All right, you robin.

English: Robin Redbreast
English: Robin Redbreast (Photo credit: Wikipedia)

I’m on my way out with  sugared bread (for energy it’s better to give them cake or sugared bread than plain bread) Here are some more of those revolting mealworms, and let’s hang up another half coconut of fat and nuts. But note this, my fine robin friend; this is not just for you, but is for sharing with the blue-tits and coal-tits, the blackbirds,  sparrows and the finches.

The North Wind Doth blow

And we shall have snow

And what will the robin do then, poor thing?

He’ll hide in a barn

To keep himself warm

And hide his head under his wing, poor thing.

Let’s see what the robin currently peering out from the safety of the big rosemary bush, will communicate via the Tarot.

Are you a cock or hen robin?

Answer card: The High Priestess. Just to make sure, I pull another card and get the Moon Reversed. Meanings: I am a hen bird. I am solitary right now, I want no mate. This is not the time.

What are you thinking right now?

Answer card: The Empress. Meaning? What have we here? Food! I have discovered a new harvest!  Being provided for, I must eat my fill while I can.

I pull another card, just as the robin flies off again…and, strangely enough, the card is The Chariot.  The robin has flitted just a short distance to sit on top of the seed feeder hung in the bare branches of the laburnum tree.

Why have you gone to sit there?

Answer card: The Seven of Wands Reversed.  Meaning: I am new to this garden and I must be careful. This is a good vantage point from which to spy out enemies and not be taken unawares.

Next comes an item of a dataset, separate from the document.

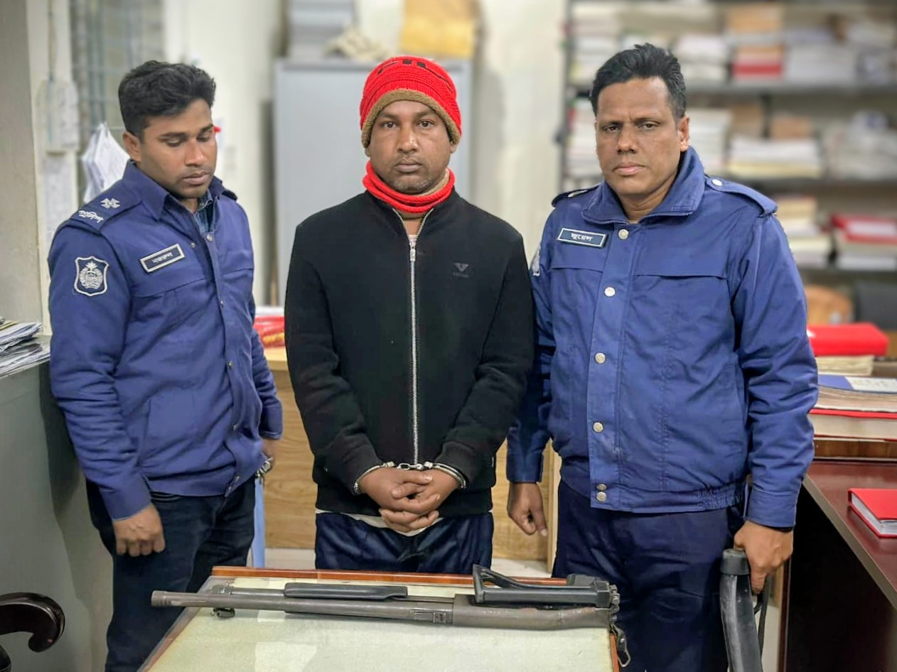 শেরপুরে যৌথ বাহিনীর অভিযানে চিহ্নিত সন্ত্রাসী আটক, পুলিশের লুট হওয়া শর্টগান উদ্ধার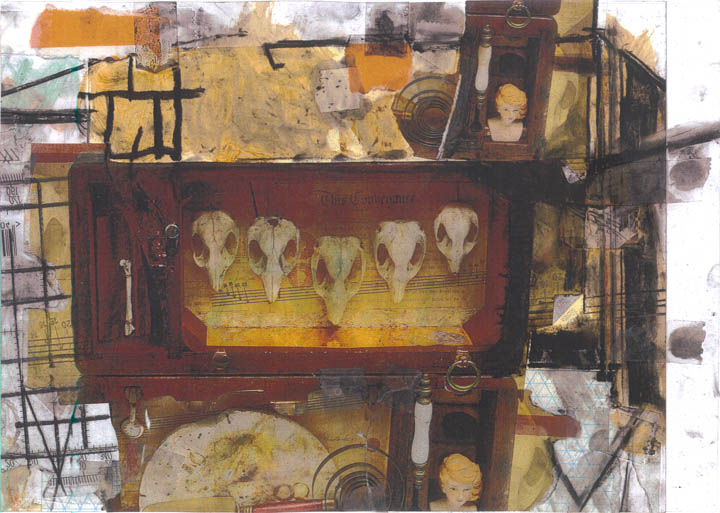 Print from multi-layered collage and paint on transparency, printed on art paper

What’s your favourite time of year?  

Answer card: The Empress Reversed.  Meaning: A time when there are plenty of fruits and seeds, but there are still sheltering leaves on the trees. A time when there are still long hours of light to feed by, and sometimes there’s still warmth…the night is not so bitter, the air does not bite so hard. My legs creak like sticks at first light when I must move for food or die. How I wish it could always be the time of the Empress.

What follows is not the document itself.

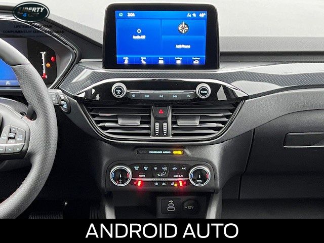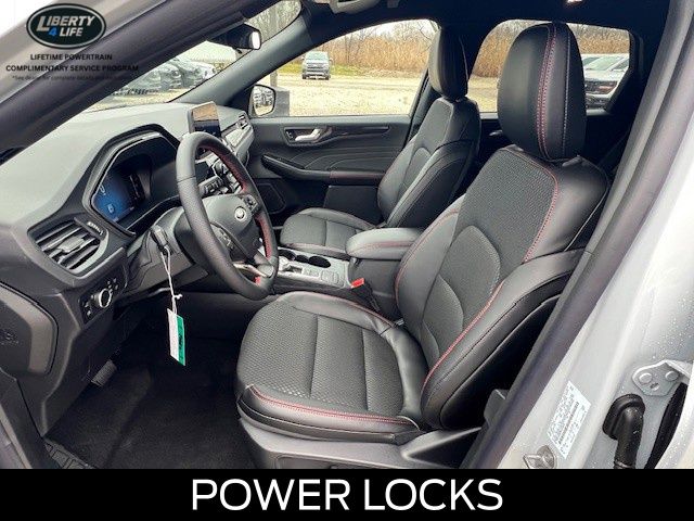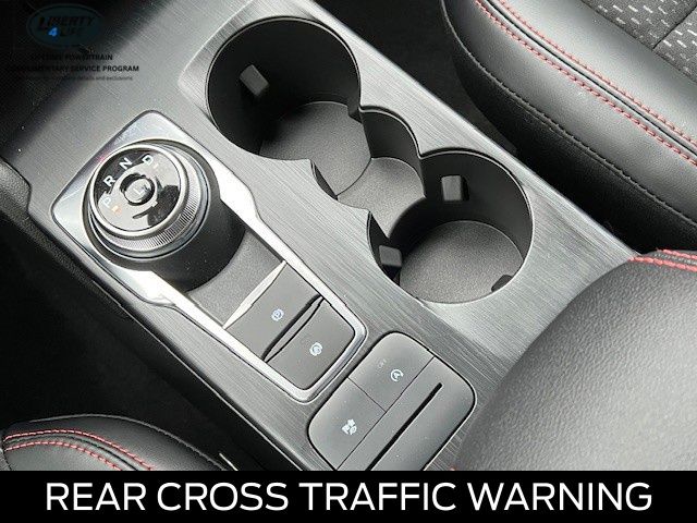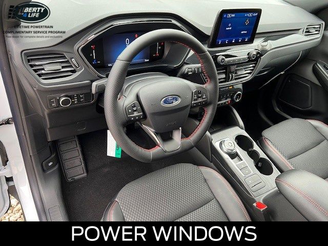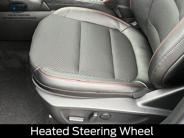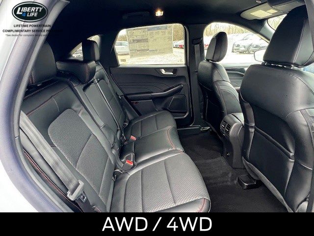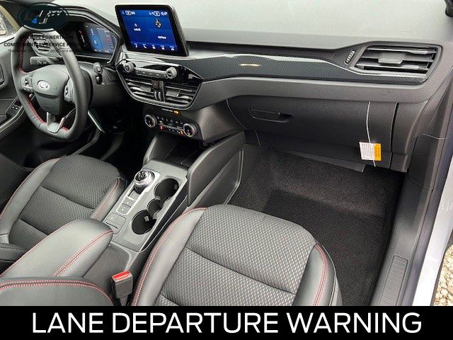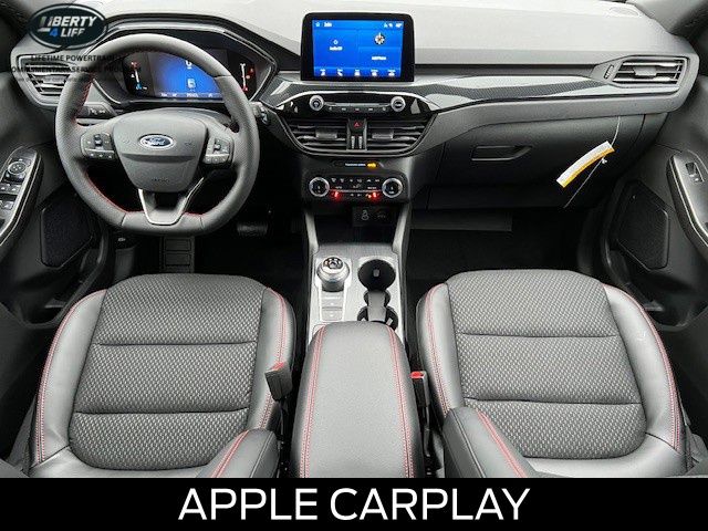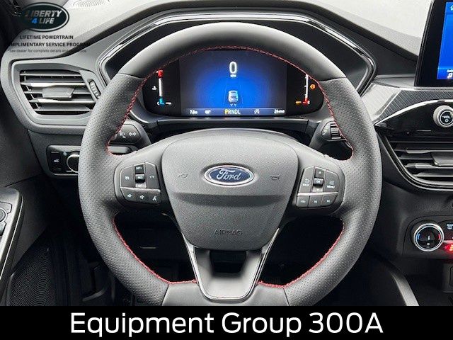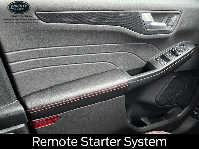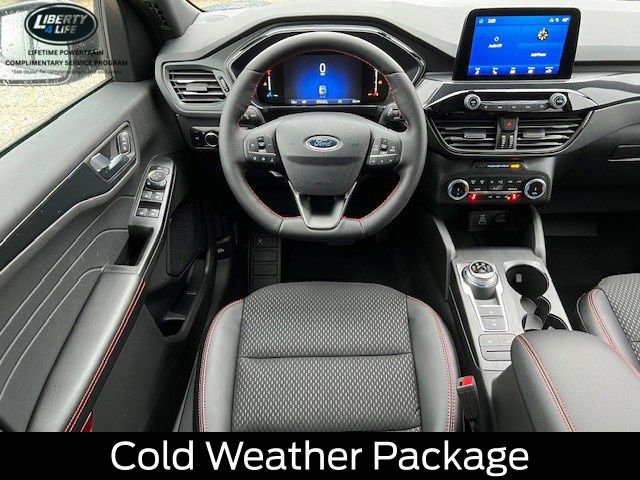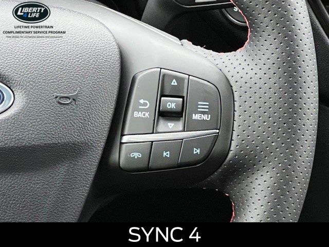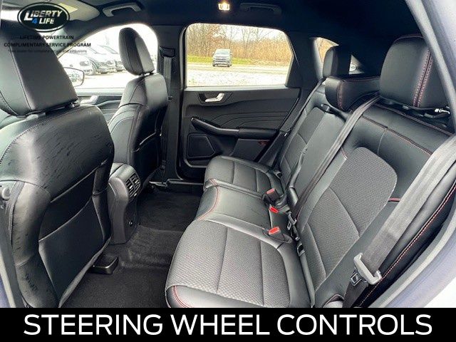 Elevate your driving experience with the premium features of the Escape ST-Line, including the Panoramic Vista Roof, Cold Weather Package, and Power Liftgate. Indulge in the comfort of Heated Front Row Seats, a Heated Steering Wheel, and Partial Vinyl/Cloth Front Sport Contour Bucket Seats with Red Stitching.

OK, verification may not be an option as with readings done for domestic species.  Still, I have done animal readings before, and know intuitive communication can work inter-species. Maybe it would not work with all species, but the tarot affords a means of extending perception beyond the boundaries of self, and living things share common drives and goals. Sentient and sensate beings, whether bare or feathered, scaled or furry, are inextricably subject to vagaries of environment, the common denominator in shared consciousness.

During the severe winter of 1962/63, the UK robin population was worse than decimated, reduced to an estimated 50-60 breeding pairs. Spare a little if you can, for your fellow creatures outside this winter.